There’s a fair amount of press here. Washington Post. Lovely grand dame from the Houston Chronicle who was kind enough to watch my laptop while I got lunch. I saw NPR on the press registration list. Lots and lots of TV cameras, many from seemingly foreign media. Bloggers bloggers bloggers. What isn’t here, as far as I can tell, is politicians.

It remains a fact of American politics that a conference featuring first-hand testimony about the inhumanity inherent in occupying foreign countries is too hot for anyone seeking reelection. The politicians that send these soldiers and Marines to war will dispatch them under false pretenses, fund an endless war year after year after year after year after year and will spew patriotic doggerel about the need to always support the troops. What they won’t do, evidently, is listen to them about how they experience the war.

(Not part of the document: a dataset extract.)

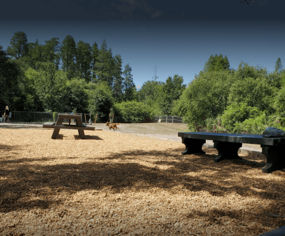 This dog park is very well designed for hosting many dogs at a time in a safe and easy environment. With it's water fountains for people and dogs, picnic tables, dog washes, and much more it makes taking your dogs to the park an easy and fun experience. There are two separate access areas for small and large dogs and water fountains for people and dogs

Iraq Veterans Against the War’s Geoff Millard told me this in January:

Millard, like many soldiers, switches from intensity to self-depricating humor in the same sentence. His tattoos, peeking out from his black IVAW hoodie, mark him as the punk rock kid he was growing up in Buffalo, N.Y. And the unity that the hardcore scene preaches is evident in his attitude toward his fellow veterans, no matter their politics. Vets for Freedom, he says, should tell their own service stories. “I think the American public should hear their experiences as well, not just IVAW. We’re the ones just happening to take the initiative to tell the American people, because we feel they don’t get these stories,” he said. “I think the American people need to hear the experience of not just us but all veterans, from veterans themselves.” As Millard spoke, an Iraq vet, who had arrived unannounced on his doorstep at four that morning, was upstairs napping.